そんな人間のご事情には我関せず。今年も桜は今までがそうであったように、一斉に咲き乱れ、そして暫くすると、ひらりひらりと儚げに散っていく。今回はそんな我々日本人が愛して止まない「桜」についてお話ししたいと思う。
「無常」の一つの象徴でもある「桜」
「桜の下にて春死なん その如月の望月の頃」とは鎌倉時代の僧侶「西行」が詠んだ詩である。桜に心奪われ、散りゆく我が身の儚さを表しており、これは仏教でいう「無常」を詠んでいる。無常とは「この世に存在する全ての万物は移り変わっていく」という仏教的世界観を表す言葉である。桜は一斉に咲き誇り、そして短い一生を終えると、儚く散っていく。我々日本人は、咲いては散り、また次の春には咲くという生命の移り変わりを、即ち「無常」を桜の花に重ねているのである。
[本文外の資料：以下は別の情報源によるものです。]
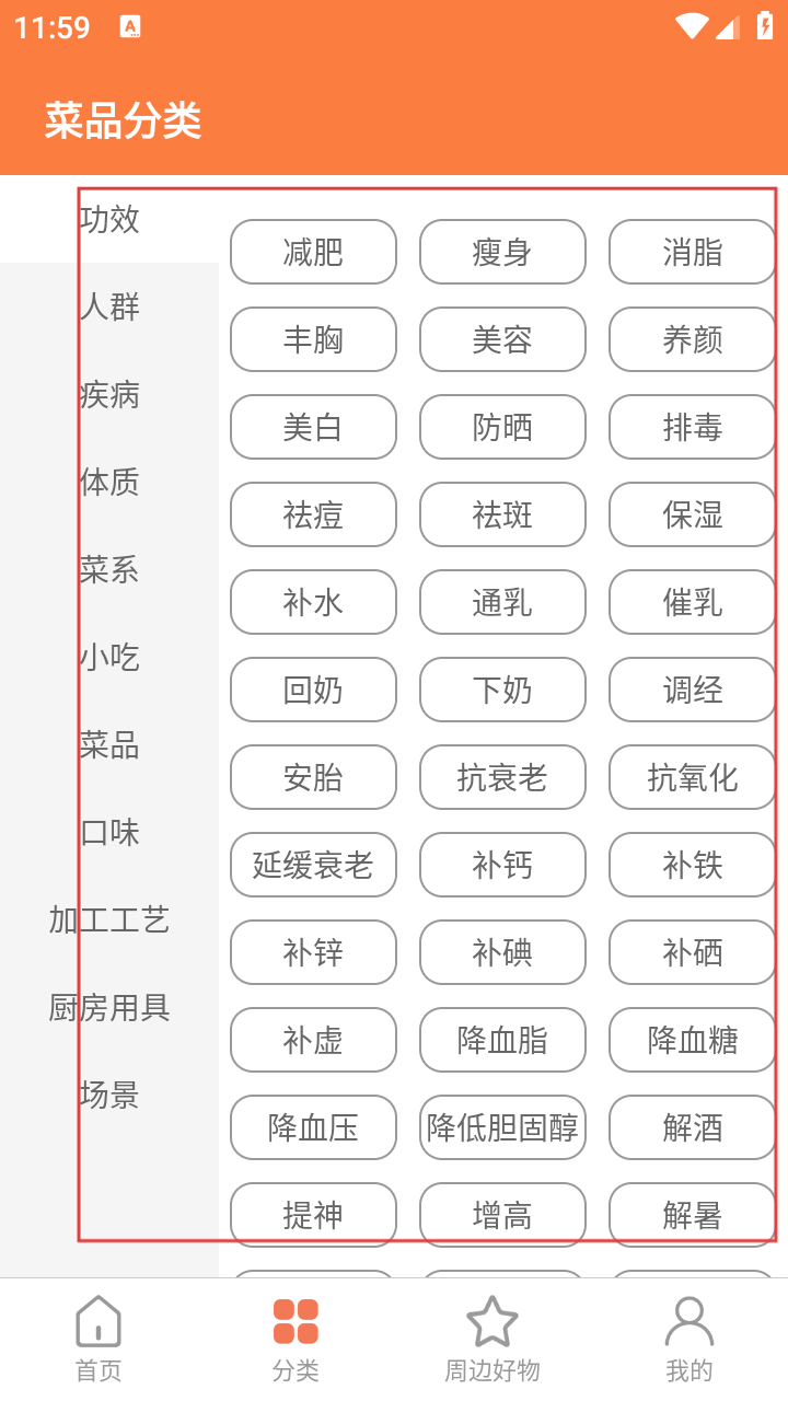 2、在分类页,选择如【排毒】等功效标签,筛选对应菜品。

我々日本人が古から桜を愛してきたのは、そんな仏教由来の「無常」を知らず知らずの内に見出していたからかもしれない。
「死者が埋められた桜は、成長が早く、鮮やかに咲く」
当コラムでも度々取り上げられる「樹木葬」。その樹木葬の一種として「桜葬」という葬儀形態があるのをご存知だろうか。
そもそも樹木葬とは、墓所に墓石を設けずに、土中に遺骨を埋葬し、特定の樹木を墓標とする自然志向型の葬儀形態である。桜葬とは、その墓標となるのが他でもない桜の木である。桜の下に埋まった故人の遺骨はやがて土へと還り、また毎春の花を咲かす。
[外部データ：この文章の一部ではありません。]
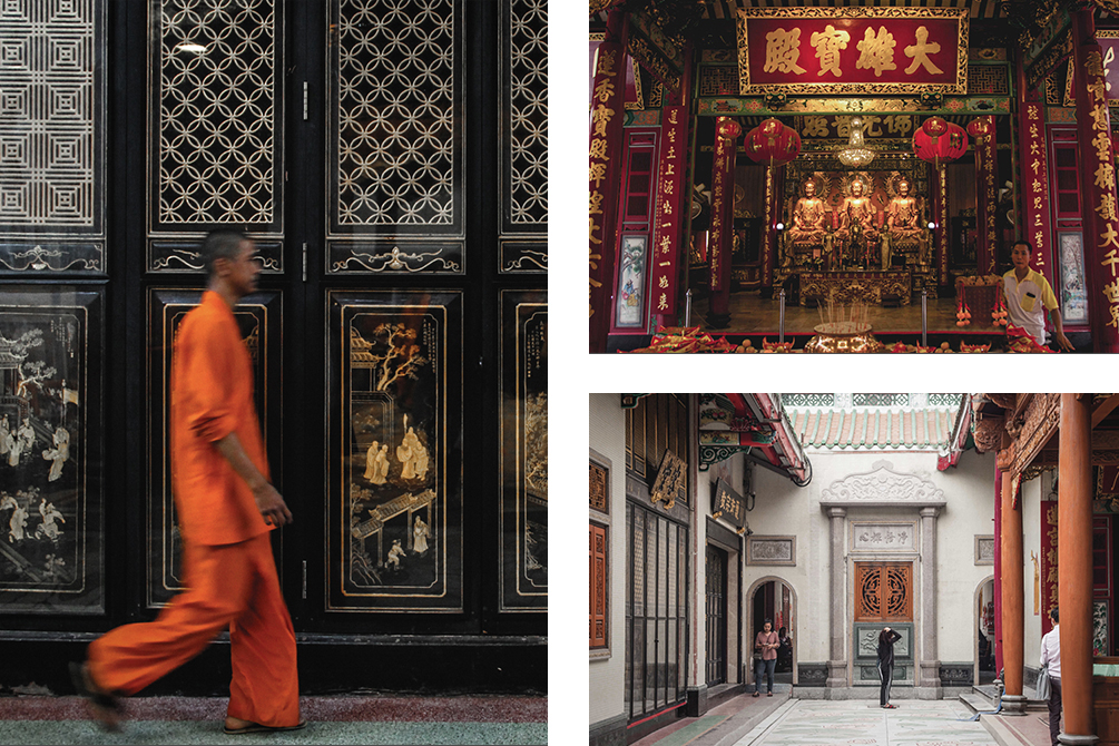 วัดแรกที่เราอยากพาไปรู้จักคือ วัดมังกรกมลาวาส หรือที่รู้จักกันในนาม ‘วัดเล่งเน่ยยี่’ เป็นวัดจีนเก่าแก่ของย่านเยาวราช และเป็นสถานที่สำคัญในการทำพิธีต่าง ๆ ทั้งเทศกาลปีใหม่ กินเจ และตรุษจีน สถาปัตยกรรมของวัดโดดเด่นด้วยการวางผังแบบวังหลวงแต้จิ๋วโบราณและมีการใช้ไม้และอิฐเป็นวัสดุหลักในการก่อสร้าง หลังคามุงด้วยกระเบื้องดินเผาและประดับประดาด้วยลวดลายสิริมงคลตามความเชื่อจีนโบราณ ภายในวัดมีเทพเจ้าประดิษฐานเทพเจ้าทั้งหมด 58 องค์ แต่เทพเจ้าที่นิยมกราบไหว้บูชาขอพรคือ พระศากยมุนีพุทธเจ้า พระอมิตาภพุทธเจ้า พระไภษัชยคุรุพุทธเจ้า วิหารด้านหน้าประดิษฐานท้าวจตุโลกบาล ข้างละ 2 องค์ นอกจากมาไหว้พระขอพรเพื่อความเป็นสิริมงคล โดยเฉพาะในเรื่องค้าขายให้เจริญรุ่งเรืองแล้ว วัดเล่งเน่ยยี่ยังมีชื่อเสียงและเป็นที่นิยมในการแก้ชง ซึ่งในแต่ละปีจะเห็นผู้คนทั้งชาวไทยและต่างชาตินิยมมาสะเดาะเคราะห์ปีชงกันอย่างไม่ขาดสาย

桜葬に限らず樹木葬には、死して尚、生命に還るという人の願いを体現しているのである。そして、桜にはある逸話がある。それは「死者が埋められた桜は、成長が早く、鮮やかに咲く」というものである。こういった迷信から、桜は死者の魂が宿る神聖な木という側面も持ち合わせるようになったのであろう。桜の花に故人を重ねる、そんな柔らかなお墓参りは何となく、故人のことを近くに感じることができるのではないだろうか。